Note 1 Summary of accounting policies
The financial statements have been prepared in accordance with the laws and regulations of France and with Regulation No. 2014-03 of French accounting standards setter ANC and all subsequent amendments. The presentation of the balance sheet and income statement has been adapted to the Company’s business as a holding company. There have been no changes in the accounting methods used for the periods presented compared with the previous year.
The main accounting policies used are as follows:
1.1 Intangible assets, property and equipment
Intangible assets, property and equipment are stated at cost (including incidental expenses) or contributed value.
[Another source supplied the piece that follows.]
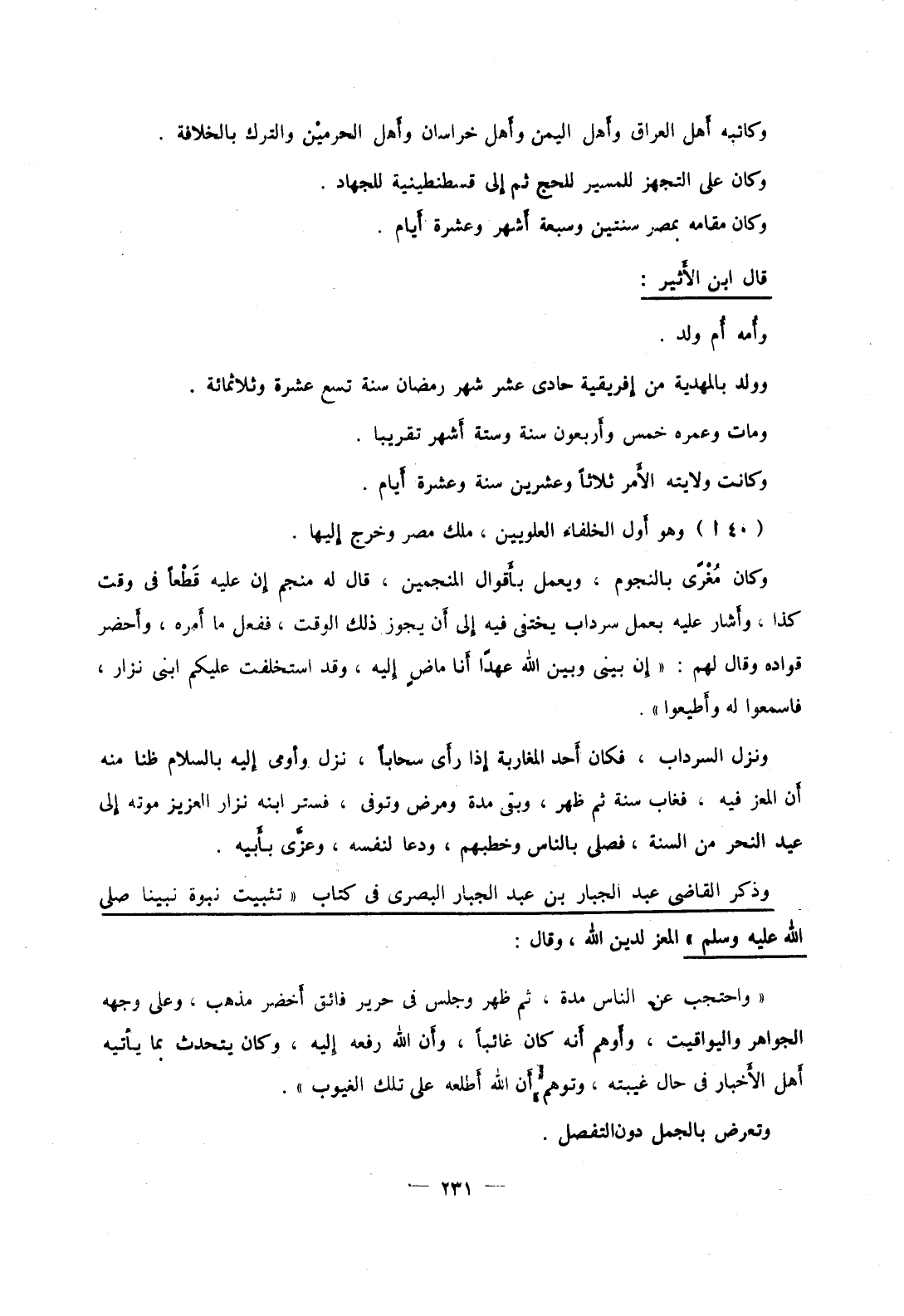 وذكر القاضي عبد الجبار بن عبد الجبار البصري في كتاب تثبيت نبوة نبينا صَلَّى اللهُ عَلَيْهِ وَسَلَّمَ المعز لدين الله، وقال: واحتجب عن الناس مدة، ثم ظهر وجلس في حرير فائق أخضر مذهب، وعلى وجهه الجواهر واليواقيت، وأوهم أنه كان غائباً، وأن الله رفعه إليه، وكان يتحدث بما يأتيه أهل الأخبار في حال غيبته، وتوهم أن الله أطلعه على تلك الغيوب.

They are amortized or depreciated on a straight-line basis over their estimated useful lives, as follows:
- software is amortized over two to five years;
- licenses are amortized over three to five years;
- office and computer equipment are depreciated over three to ten years.
Software development costs are recognized as intangible assets in accordance with the recommended method (PCG, art. 361-1). They are amortized over their period of use, ranging from five to ten years, depending on the number of Group units that use the application.
1.2 Investments
Shares in subsidiaries and affiliates are stated at cost or contributed value. Transaction costs on these assets are recorded in the income statement.
At each year-end, the Company determines whether there are any indications that the investments are impaired. The main indications are:
- below-forecast performances;
- a steep fall in revenue and profit.
If there is any indication of a loss of value, the asset is impaired in order to align its acquisition cost or its contributed value with the actual value. The actual value is the highest value between market value and value in use.
The market value corresponds to the amount that could be obtained for the sale of the asset at the closing date in normal market conditions.
Value in use is determined with due consideration to the uncertainty arising from Covid-19 by analyzing multiple criteria, taking into account in particular the Company’s share of the investee’s net assets or other assessment criteria, such as the economic environment in the country, the application of EBITDA multiples, or the investee’s current and forecast profitability using enterprise value obtained by projecting future cash flows, the long-term growth rate and the discount rate,
less net debt for the investee.
Where appropriate, an impairment loss is recorded for the shares and then for receivables linked to investments, loans and advances to the investee and, when necessary, a provision for contingencies is also recorded to cover the Company’s share of the investee’s negative net worth.
Impairment losses may be reversed in subsequent periods if the investee’s financial position improves. The carrying amount of the investee’s share should be limited to its acquisition cost or contributed value.
In the event of a partial sale of a portfolio of securities carrying the same rights, the acquisition cost of the retained securities is estimated by the weighted average cost method or by the FIFO method, which presumes that the retained securities were acquired after those that were sold.
In accordance with the French ANC Regulation No. 2015-06 published on November 29, 2015, technical losses on mergers are recognized in the balance sheet under “Other investments” and receive the same treatment for valuation and amortization described above.
1.3 Receivables
Receivables are stated at their nominal value. They are impaired when it is likely that their carrying amount will not be recovered in full.
1.4 Marketable securities
Marketable securities are recognized at their acquisition cost. When there is an indication of loss of value, impairment is recorded as necessary based on the market value at the end of the period.
1.5 Revenue
Revenue corresponds to fees invoiced to subsidiaries under the Master Services Agreement. Other service revenues correspond to fees invoiced to subsidiaries for the secondment of staff, IT services and loan guarantees.
1.6 Other income
Other income corresponds to brand license fees invoiced to subsidiaries.
1.7 Provisions for retirement
Managers and employees are paid a length-of-service award on retirement and various long-service awards during their career with the Company.